Le 4 février 2000
Déclaration des Universités et des Hautes Ecoles, en association avec Madame
la Ministre Dupuis, suite à la participation de l'extrême-droite au gouvernement
autrichien
Communiqué
Les Universités et les Hautes Ecoles de la Communauté française de
Belgique estiment essentiel que leurs étudiants prennent conscience des dangers d'une
prise de pouvoir de l'extrême-droite dans un pays de l'Union européenne.

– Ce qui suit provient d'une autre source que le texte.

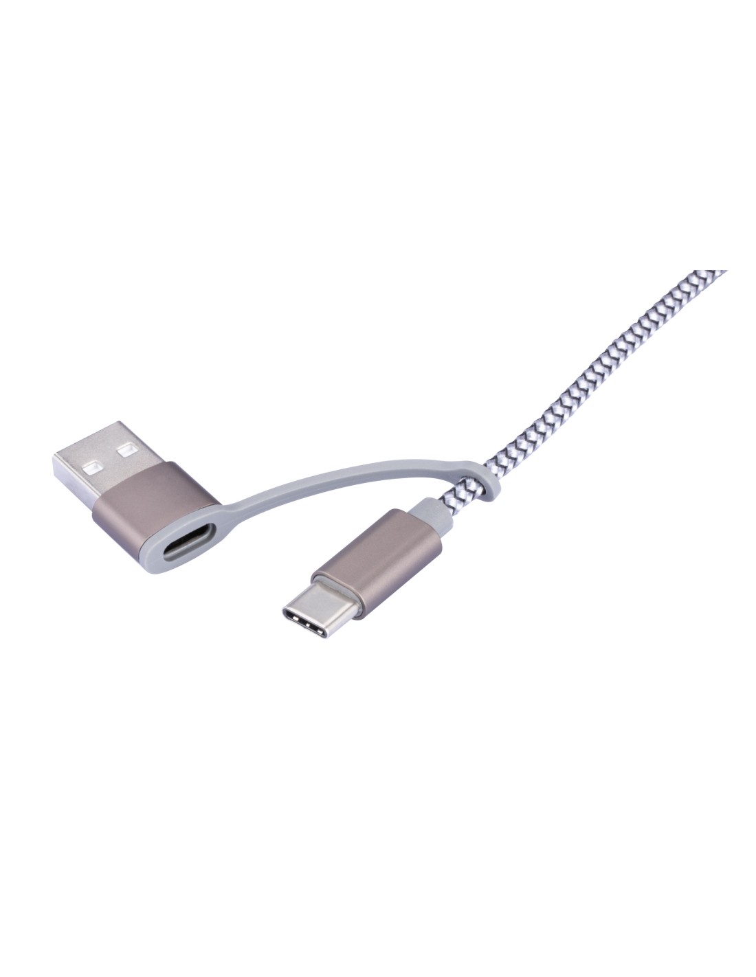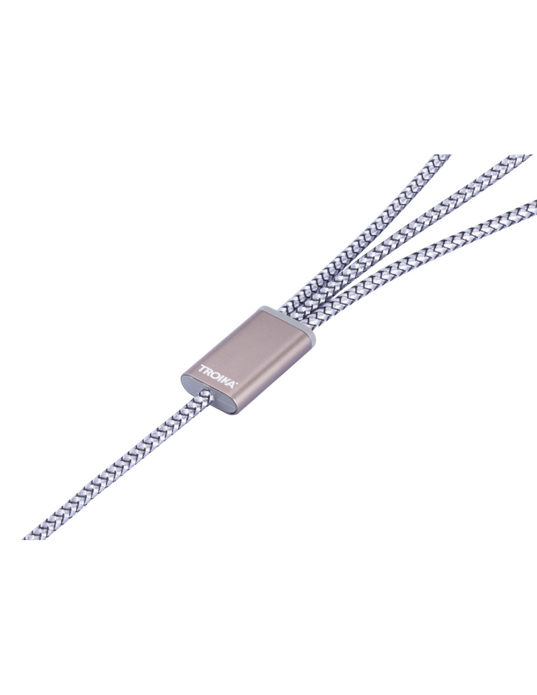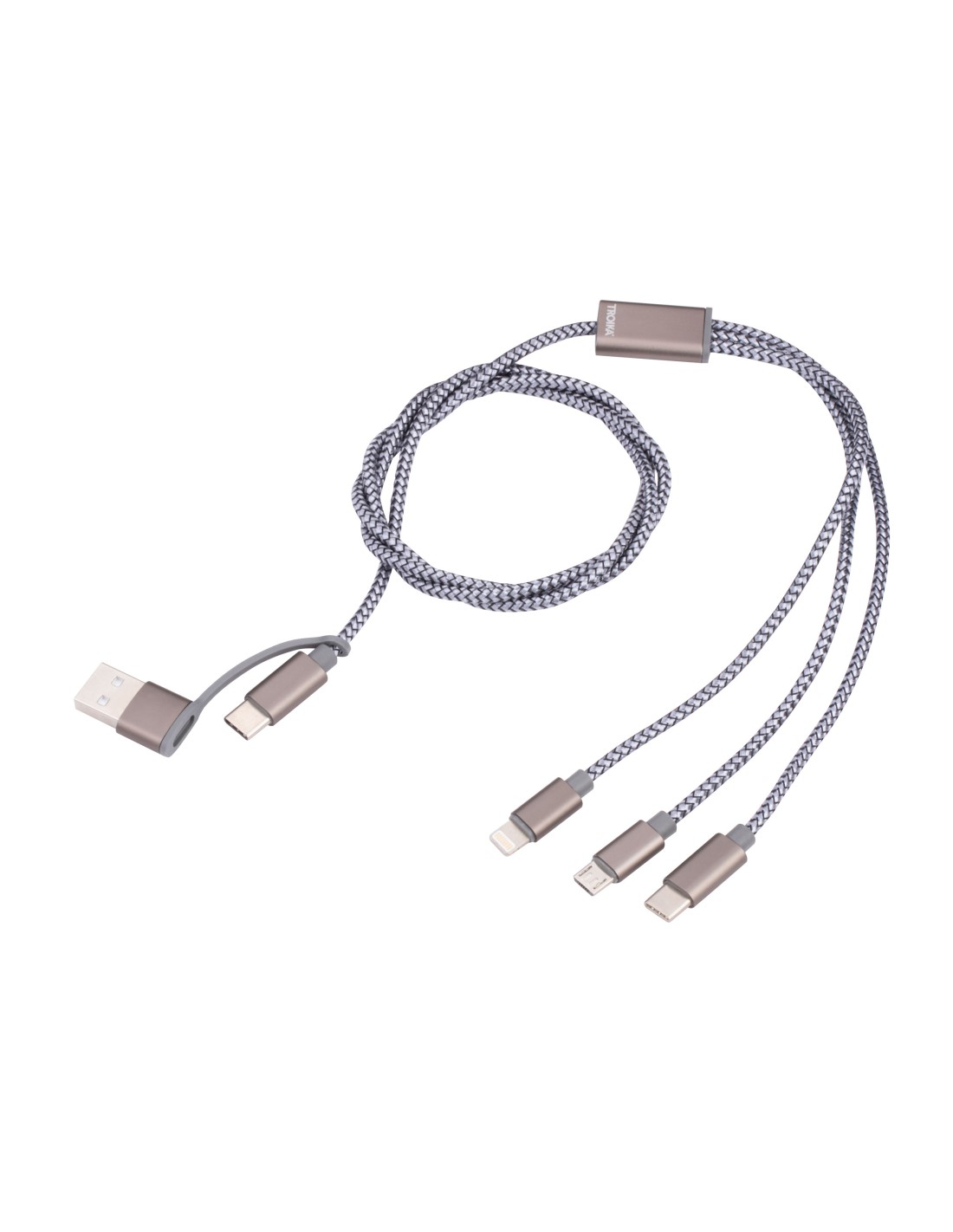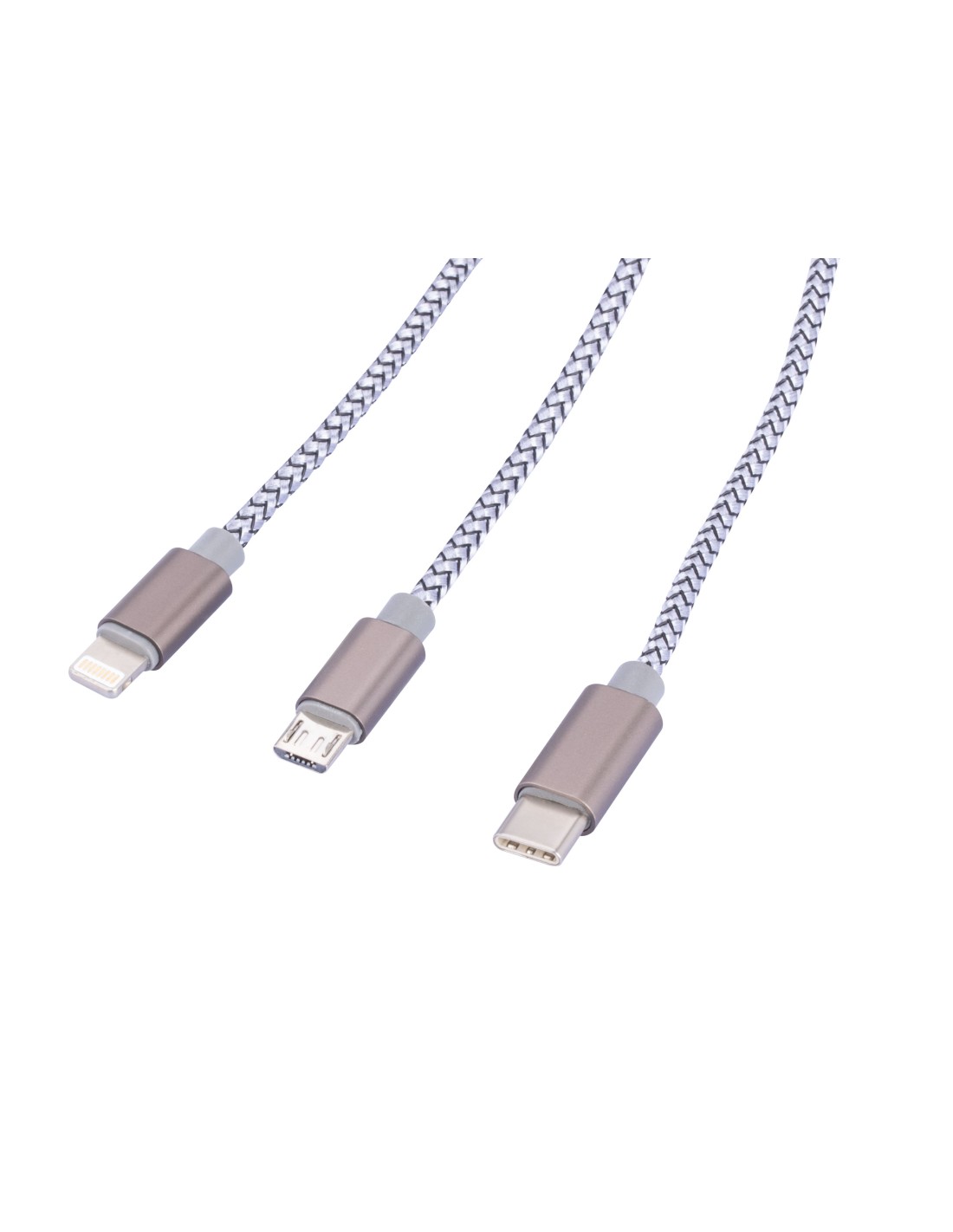 Câble de charge 3 en 1 - pour charger simultanément jusqu'à 3 appareils via USB, USB / USB-C vers Micro-USB / Lightning / USB-C, câble enduit de textile, 1 m de long, adapté pour une charge rapide (jusqu'à env. 5V / 2.5A ), 22 AWG, métal, nylon, mat, gris

Durant la matinée du vendredi 4 février, les professeurs seront
invités à commenter, au début de leur cours, la déclaration des Universités et des
Hautes Ecoles.
A 13 heures, les membres des Universités et des Hautes Ecoles ainsi
que leurs étudiants seront invités à se rassembler en un lieu bien identifié de leur
institution afin d'affirmer, par leur présence, le respect de la démocratie et de
la liberté.
Déclaration
Les Universités et les Hautes Ecoles de la Communauté française de
Belgique partagent un idéal de démocratie, de tolérance, de critique responsable et de
libre recherche de la vérité. Elles ont pour mission essentielle de former ceux qui leur
sont confiés à l'exercice de la raison, au développement du savoir rigoureux et au
travail parfois douloureux de la mémoire. L'Union européenne, héritage d'un projet de
construction de la paix et de respect des droits de l'homme dans des pays meurtris par le
nazisme, constitue une tentative remarquable d'incarnation de ces idéaux dans la
réalité concrète de nos peuples.
Or voilà qu'aujourd'hui le Parti conservateur autrichien vient de
former un gouvernement avec le parti de Jörg Haider, qui représente tout ce contre
quoi luttent les institutions d'enseignement supérieur par la formation et la recherche :
l'exploitation de l'ignorance génératrice du refus de l'altérité, la montée de
l'irrationnel, l'absence d'un travail de la mémoire digne de ce nom. L'effort de
formation citoyenne, d'éducation à la réflexion critique et d'accueil de la différence
que nous entreprenons au sein de notre enseignement supérieur serait vidé de son sens si
accédait au pouvoir, dans l'un des pays de lUnion européenne, un gouvernement
auquel participeraient des nostalgiques à peine déguisés du nazisme. Cest la
raison pour laquelle nous unirons nos efforts en vue d'empêcher qu'une régression
politique et éthique majeure ait lieu en Europe. Et surtout, nous continuerons à
accomplir notre tâche d'éveil à la raison critique.
L'Autriche doit savoir qu'elle ne peut à la fois porter au pouvoir des
dirigeants qui prônent le refus des valeurs sur lesquelles se fonde la construction
européenne et vouloir rester membre à part entière de l'Union. Les Universités et les
Hautes Ecoles de la Communauté française de Belgique sont prêtes à coopérer avec ceux
qui, en Autriche, se battent pour introduire dans la vie politique et le système
éducatif le travail de vigilance critique sans lequel les idées les plus barbares
risquent de triompher. Nous affirmons solennellement que nous ne laisserons pas
s'accomplir ce qui constitue également un crime contre l'intelligence.